In some embodiments, the compositions and methods described herein reduces the frequency of alcohol consumption compared with the frequency of alcohol consumption before the treatment. One of ordinary skill in the art will appreciate that the frequency can be compared with prior consumption by the subject or with consumption by a control subject not receiving the treatment. In some embodiments, the compositions and methods described herein reduces the quantity of alcohol consumed in a subject compared with the amount of alcohol consumed before the treatment or compared with the alcohol consumption by a control subject not receiving the treatment. In some embodiments, the compositions and methods described herein improves the physical or psychological sequelae associated with alcohol consumption compared with a control subject not receiving the treatment. In some embodiments, the compositions and methods described herein reduces increases the abstinence rate of a subject compared with a control subject not receiving the treatment. In some embodiments, the compositions and methods described herein reduces the average level of alcohol consumption in a subject compared with the level of alcohol consumption before the treatment or compared with the level of alcohol consumption by a control subject not receiving the treatment. In some embodiments, the compositions and methods described herein reduces alcohol consumption and increases abstinence compared with the alcohol consumption by the subject before treatment or with a control subject not receiving the treatment. In some embodiments, the compositions and methods described herein reduces treats a subject with a predisposition to alcohol abuse. In some embodiments, the compositions and methods described herein reduces treats a subject with a predisposition to alcohol dependence. In some embodiments, the compositions and methods described herein reduces treats a subject with a predisposition to alcohol addiction.
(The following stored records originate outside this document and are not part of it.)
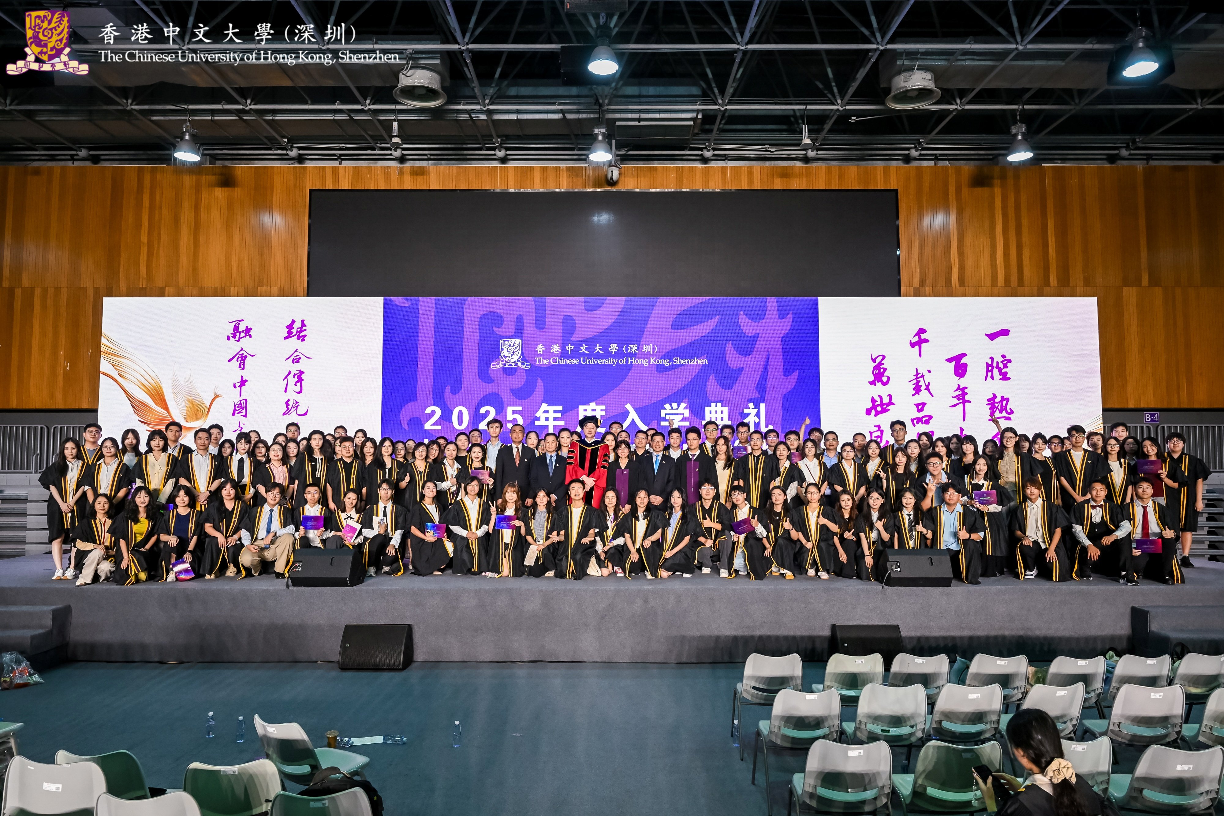 August 30, 2025?– The Chinese University of Hong Kong, Shenzhen (CUHK-Shenzhen) held its?Inauguration Ceremony for Students 2025, welcoming over 4,600 undergraduate and postgraduate students from around the world to embark on a new journey. President Xu Yangsheng and University Leadership, alongside representatives from the University Governing Board and faculty, joined undergraduate and doctoral freshmen in the main venue at Liwen Hall for the ceremony. Master's students participated simultaneously via livestream in the University Sports Hall. Parents of new students and guests from various sectors witnessed the students embarking on this new life chapter online.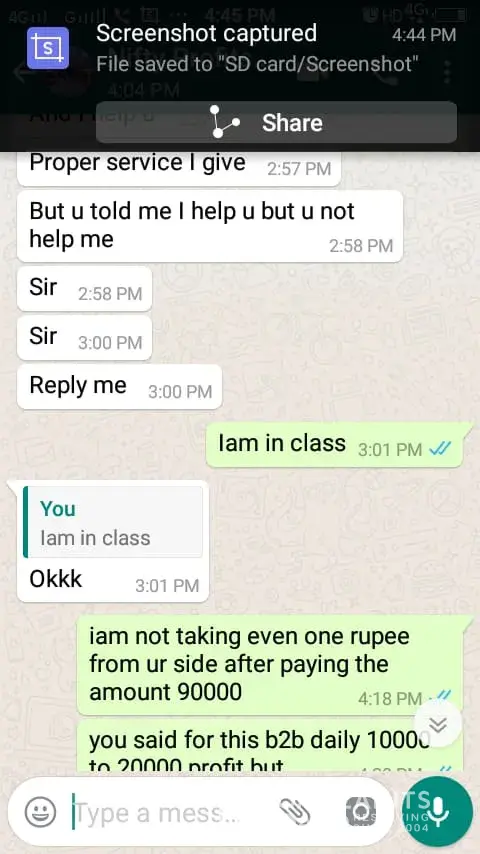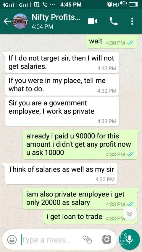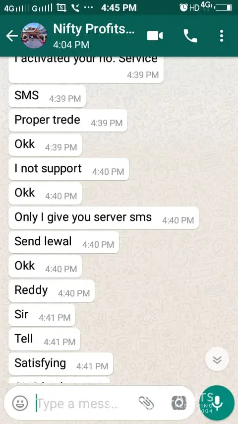 I joined in this service on june 7th after two weeks i lost my money fully. None of the trading were done by myself each and every call given by Ashish who guided me from first to last. my service duration is june 7th to september 5. now no one is answering me. They said daily basis 10000 to 20000 profit, without loss. now they block my number in whats app. They said to invest further money to retain the loss. already i have invested Rs.20000 believing that the money will be returned without any loss. But I did not get that amount also in hand to me. Up to now I have lost 54000 when I asked the money back to me they are insisting me to invest some more amount to get that 54000 back.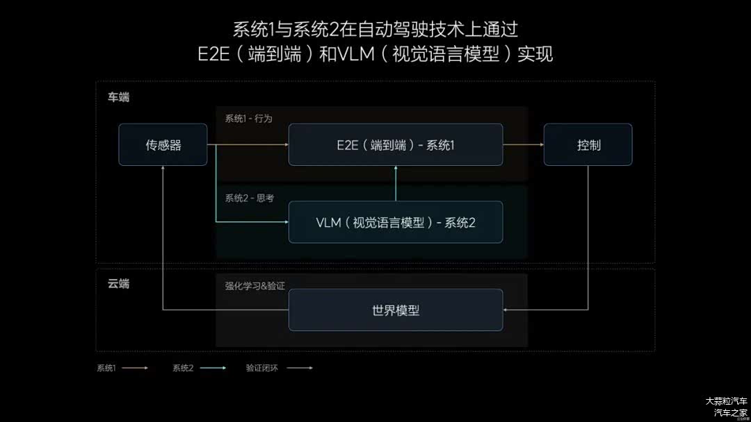 探寻更高的上限和更高的下限,在2024年下半年,行业也逐渐形成共识,其中一种路径是世界模型,另一种方式则是运行车端的双系统,比如视觉语言模型(VLM)或者视觉语言动作模型(VLA)。

One of ordinary skill in the art will appreciate that there are multiple parameters or characteristics of alcohol consumption which may characterize a subject afflicted with an alcohol-related disease or disorder. It will also be appreciated that combination therapies can be effective in treating more than one parameter, and that there are multiple ways to analyze the effectiveness of treatment. The parameters analyzed when measuring alcohol consumption or frequency of alcohol consumption include, but are not limited to, heavy drinking days, number of heavy drinking days, average drinking days, number of drinks per day, days of abstinence, number of individuals not drinking heavily or abstinent over a given time period, and craving. Both subjective and objective measures can be used to analyze the effectiveness of treatment. For example, a subject can self-report according to guidelines and procedures established for such reporting. The procedures can be performed at various times before, during, and after treatment. Additionally, assays are available for measuring alcohol consumption.